As mentioned, I recently moved once again, buying a house in a quiet subdivision in North Austin. I methodically unpacked a couple of boxes stuffed with three-ring binders of photo negatives, boxes of prints, even a half-dozen carousels of slides. If you remember slide carousels, then like me you’re eligible to join AARP, not that I recommend it. Nobody gets out alive when they join AARP. Just saying.
As I dutifully stacked a yard-long collection of three-ring binders on my closet shelf, accompanied by a couple dozen old print boxes filled with photos, I thought of my children. If I can’t figure out what to do with all this stuff, they will have to deal with it at some point.
I’m loath to chunk those negatives, contact sheets and boxes of prints.

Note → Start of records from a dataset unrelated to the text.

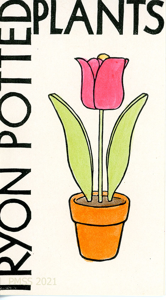 [plants_001] Brochure cover: “TRYON POTTED PLANTS.” Image: Line drawing of potted tulip in color.
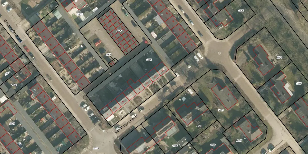 van Polanenpark 13 is gelegen op kadastraal perceel KDT00B1856. Deze kadastrale aanduiding is uniek en wordt gebruikt door het Kadaster om eigendomsrechten en andere zakelijke rechten vast te leggen. Het perceel maakt onderdeel uit van de kadastrale gemeente Klundert.
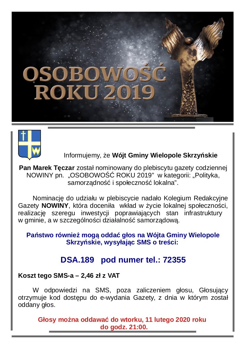 Informujemy, że Wójt Gminy Wielopole Skrzyńskie Pan Marek Tęczar został nominowany do plebiscytu gazety codziennej NOWINY pn. „OSOBOWOŚĆ ROKU 2019” w kategorii: „Polityka, samorządność i społeczność lokalna”.

They represent the modest contribution I have made to capture a slice of East Texas in those pre-digital decades. So, I will likely keep carrying around these shelves of old negatives and prints until I can talk some archival collection repository into taking them.
At long last, the old darkroom is slated to be cleared out in the next few months. The negatives and photographs will end up in the university’s collections, the enlargers and other darkroom equipment hauled to surplus. A couple coats of fresh paint should eliminate that darkroom smell. I will continue to spend nights at home making prints the modern way, on a big-screen Macintosh attached to a photo printer. I manipulate the images in Photoshop with lights out, to better see the true tones on the screen. So in a sense I’m still hanging out in a darkroom, just without the smell.